It seem to me that we are straying into doing the design (or
redesign) work that is the responsibility of the WG.  Explaining
the problem to the WG and suggesting fixes would be entirely
reasonable.   Trying to convince each other, IMO, a lot less so.


--On Wednesday, April 29, 2020 19:37 -0700 Asmus Freytag
<> wrote:

> On 4/29/2020 6:45 PM, John Levine wrote:
>> It looks like step 1 is saying that if the text starts with a
>> BOM, you ignore the declared charset and sniff the BOM
>> instead, which sounds to me like an ancient workaround that
>> is perhaps no longer needed.
> If data are preceded by ("start with")  a BOM, you do want to
> strip it; you never want to keep it (and the chance that a
> legitimate text starts with a BOM that has an actual function
> in the text is perfectly negligible).
> If you have data that carries a UTF-16 bom it cannot be UTF-8,
> no matter what the charset declaration says (FF can't be a
> byte in UTF-8).
> Therefore, you always want to look for all three.

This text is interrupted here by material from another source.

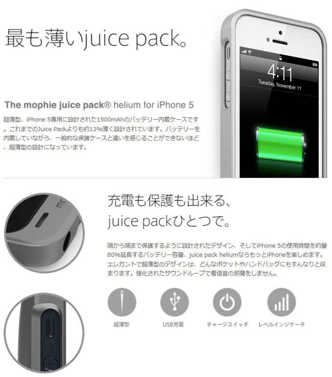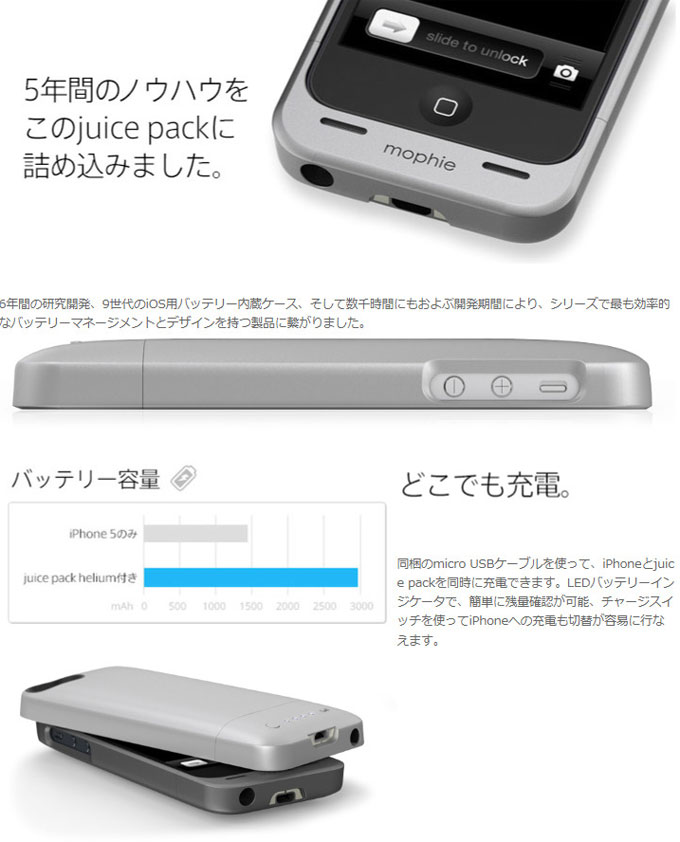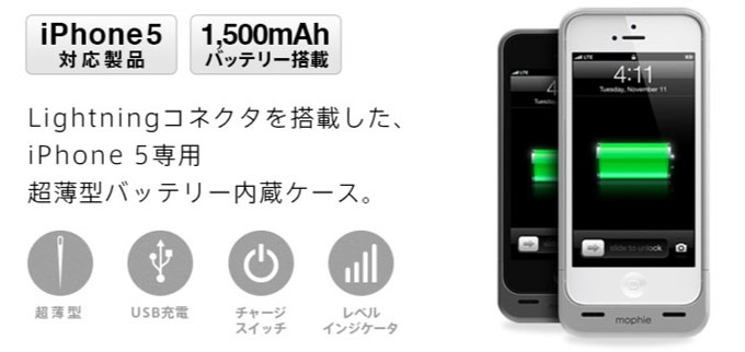 超薄型、iPhone 5専用に設計された1500mAhのバッテリー内蔵ケースです。

> If  it's UTF-8 you confirm you have the good character set
> and remove it.
> If it's one of the UTF-16 ones, you switch the charset to
> UTF-16 (or proper endianness) and remove it. (Or reject the
> input?)
>> Given that they are deprecating all of the existing
>> javascript media types and reviving text/javascript which
>> 4329 declared obsolete, this might be a good time to say if
>> you're going to use our lovely new (old) media type, declare
>> the correct character set so consumers can believe it and
>> stop doing byte sniffing kludges.
> There are two issues here. One centers around the fact that
> BOMs are "invisible". You can work hard at avoiding them, but
> they may be added by some "helpful" tool.
> The other is that they serve as a useful consistency check
> when present.
> You may write the spec to reject data with initial BOM, but
> then you'd still need to check for them. You definitely don't
> want to admit data without checking. Since you already need to
> check for them, you are better off giving clear instructions
> of how to make use of the fact that you've detected one.
> A./